Michael Haneke glaubt nicht, dass einzelne Filme spezielle Gewalttaten auslösen. Aber die Summe der Gewalt auf dem Bildschirm und die Tatsache, dass sie permanent zu sehen sei, führe zur Abstumpfung. Darin bestehe die Gefahr: die Hemmschwelle, gewalttätig zu sein, werde so herabgesetzt.

Lob und Kritik

ein Paar in Umarmung auf Metallboden
Plakat zum Kinofilm "Die Klavierspielerin"

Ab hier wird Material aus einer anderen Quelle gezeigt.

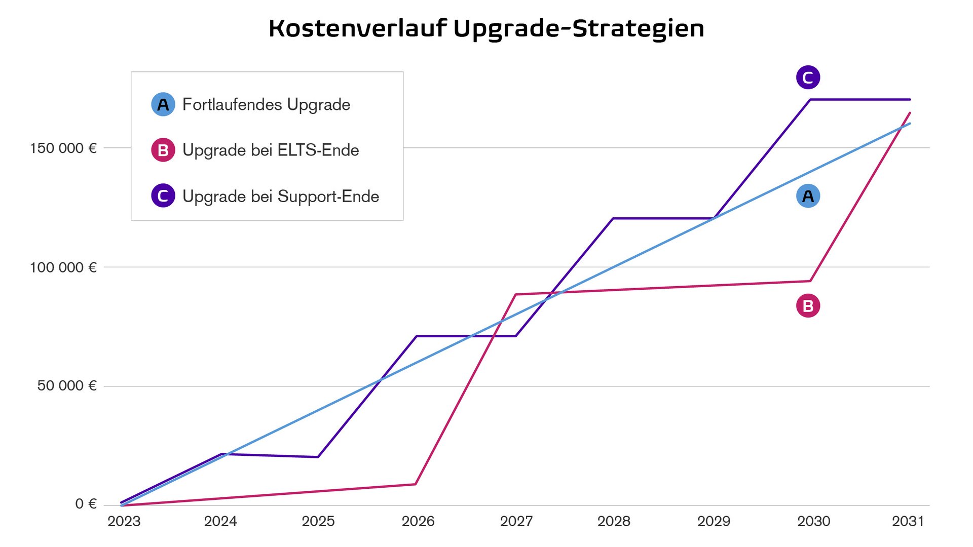 Die klassischen Upgrade-Strategien nutzen die verlässlichen Supportzeiträume von TYPO3 aus und sehen Upgrades lediglich in größeren zeitlichen Abständen vor. Dies bietet ebenso Vorteile, z.B. geringe Aufwände im administrativen Bereich. Hinsichtlich der Kosten stehen die kontinuierlichen Upgrades mit planbaren, regelmäßigen Kosten bei kurzen zeitlichen Abständen den weniger gut abschätzbaren, aber auch seltener anfallenden Kostenblöcken bei größeren zeitlichen Abständen gegenüber. Je nach Betrachtungs- und Nutzungszeitraum kann die eine oder andere Variante am Ende kostengünstiger sein. Letztlich sollte die individuell passende Strategie abgewogen werden, wobei wir Sie gerne unterstützen.
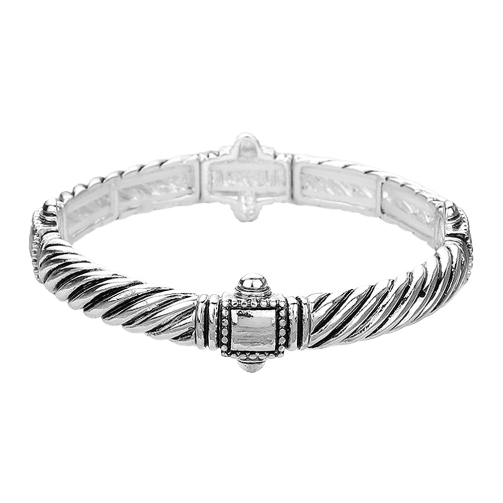 Details • Size : 0.6" H • Stretchable • Elegant hinged bracelet featuring a twisted cable design in two-tone finish with detailed center accents. Secure clasp and refined style make it perfect for adding a polished touch to any outfit. • Lead and Nickel Compliant
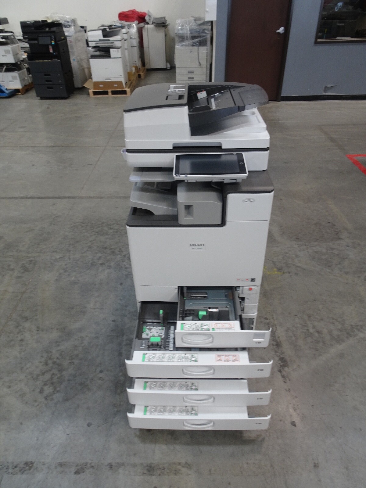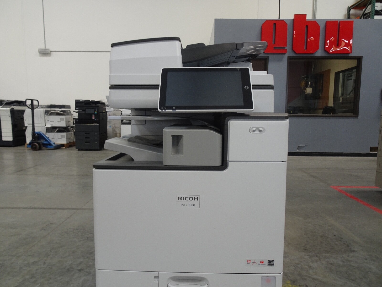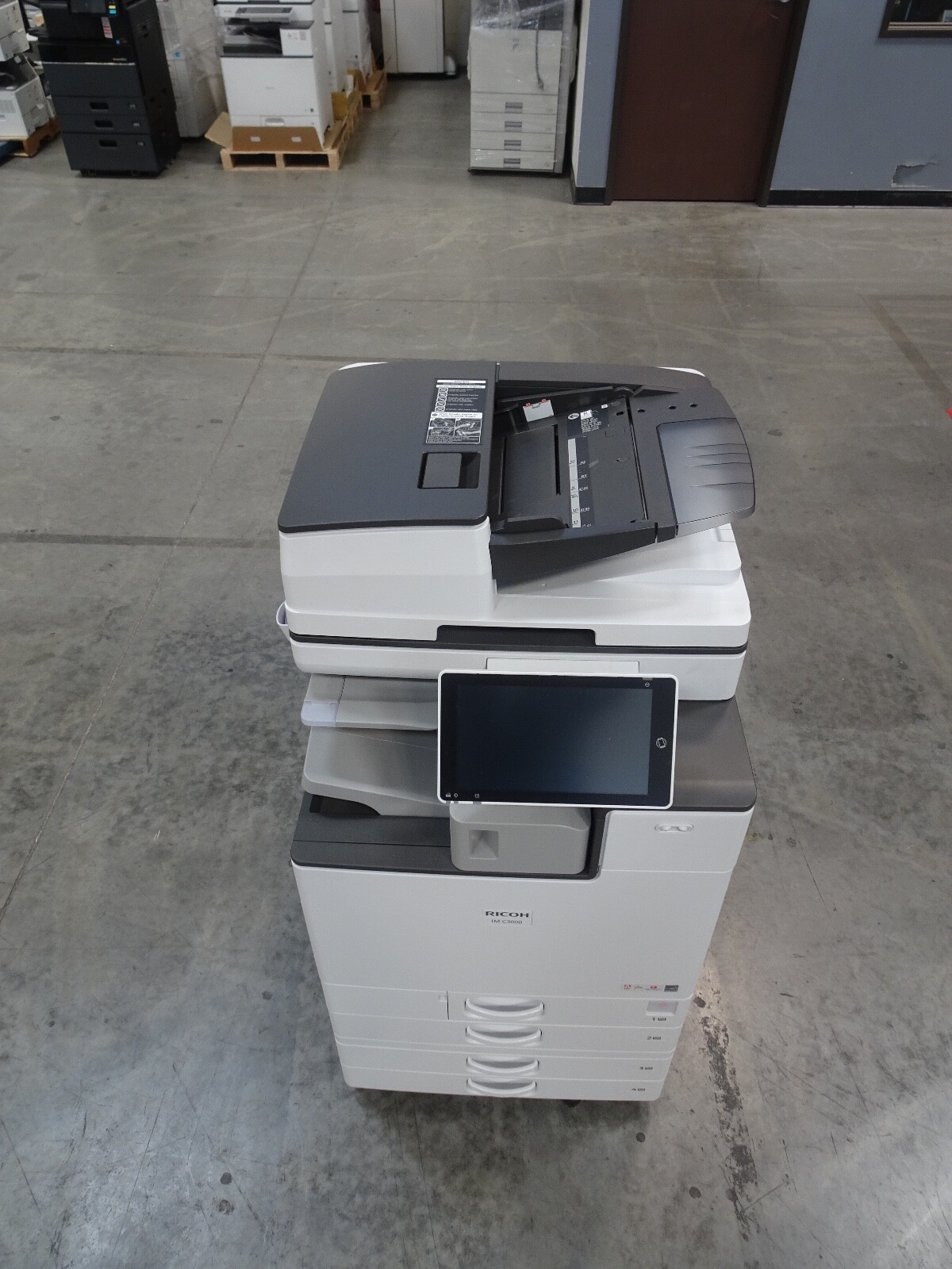 The Ricoh IM C3000 is a 30 page per minute black and white and 30 page per minute color copier, printer, and scanner from Ricoh. This Ricoh IM C3000 has only 28,147 copies includes automatic document feeder, duplex unit for two-sided copying, network print controller, network scan controller, fax option, internal staple finisher and 4 paper trays. Recommended monthly volume on this Ricoh IM C3000 is 50,000 copies, so with only 28,147 copies this unit is at less than 1 months usage. All of copiers are tested and inspected by a certified technician. All of our copiers are guaranteed to pass service inspection and come with a 100% satisfaction guarantee; if you are not happy we will pick up the copier and issue a full refund. Retail price on this Ricoh IM C3000 is $6,995, our wholesale price is $3,495. Shipping and insurance to the continental United States is included in the purchase price. Shipping quotes to Hawaii, Alaska and Canada are available.

Manche Kritiker halten Hanekes Mischung aus düster-bedrohlicher Andeutung ohne klare Benennung der Verantwortlichen für aufgesetzt. Eindeutiges Lob hingegen erhielt der Regisseur für seinen 2001 erschienen Kinofilm "Die Klavierspielerin“ nach einem Roman von Elfriede Jelinek. Darin zeigt er die seelische Deformation einer jungen Frau, die von ihrer Mutter vollständig kontrolliert und bevormundet wird. Vielleicht fiel die Zustimmung zu diesem Film eindeutiger aus, weil hier der Auslöser der psychischen Krise zumindest zum Teil zu erkennen ist.